## AVAILABLE DATA
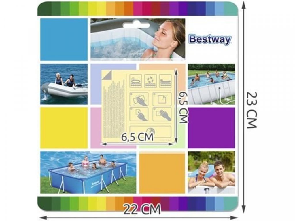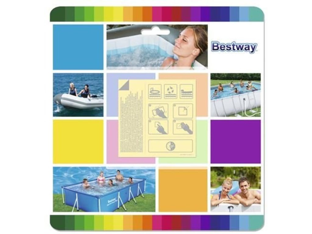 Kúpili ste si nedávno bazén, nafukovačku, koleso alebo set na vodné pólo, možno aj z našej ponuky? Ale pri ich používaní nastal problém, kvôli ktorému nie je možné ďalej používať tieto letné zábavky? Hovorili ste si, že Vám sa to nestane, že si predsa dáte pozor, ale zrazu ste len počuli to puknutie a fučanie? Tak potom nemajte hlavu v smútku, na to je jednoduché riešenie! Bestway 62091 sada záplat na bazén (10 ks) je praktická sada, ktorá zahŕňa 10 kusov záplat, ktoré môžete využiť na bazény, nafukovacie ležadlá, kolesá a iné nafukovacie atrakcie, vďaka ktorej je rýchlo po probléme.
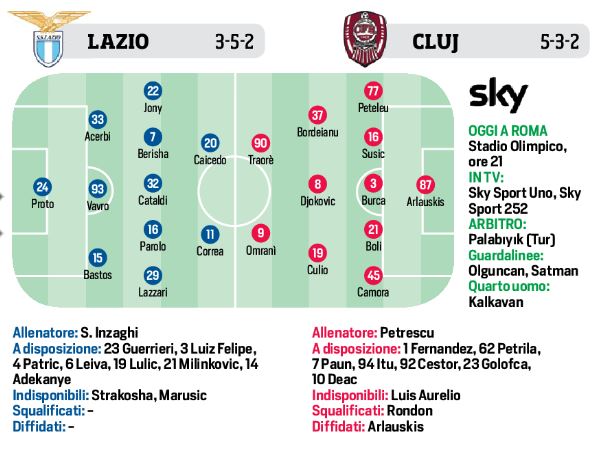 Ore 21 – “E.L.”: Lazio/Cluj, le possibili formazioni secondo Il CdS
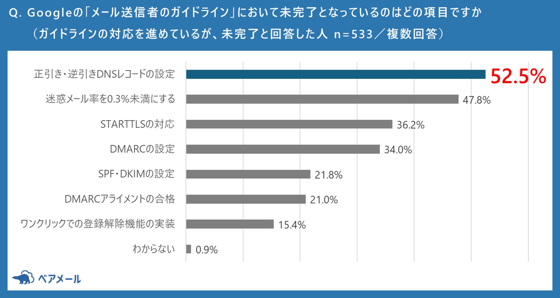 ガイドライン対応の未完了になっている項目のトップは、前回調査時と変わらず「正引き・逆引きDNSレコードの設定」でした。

## PROMPT
Print the material word for word; images are to be left out.

## SOLUTION FOR THIS PROBLEM
 Kúpili ste si nedávno bazén, nafukovačku, koleso alebo set na vodné pólo, možno aj z našej ponuky? Ale pri ich používaní nastal problém, kvôli ktorému nie je možné ďalej používať tieto letné zábavky? Hovorili ste si, že Vám sa to nestane, že si predsa dáte pozor, ale zrazu ste len počuli to puknutie a fučanie? Tak potom nemajte hlavu v smútku, na to je jednoduché riešenie! Bestway 62091 sada záplat na bazén (10 ks) je praktická sada, ktorá zahŕňa 10 kusov záplat, ktoré môžete využiť na bazény, nafukovacie ležadlá, kolesá a iné nafukovacie atrakcie, vďaka ktorej je rýchlo po probléme.
 Ore 21 – “E.L.”: Lazio/Cluj, le possibili formazioni secondo Il CdS
 ガイドライン対応の未完了になっている項目のトップは、前回調査時と変わらず「正引き・逆引きDNSレコードの設定」でした。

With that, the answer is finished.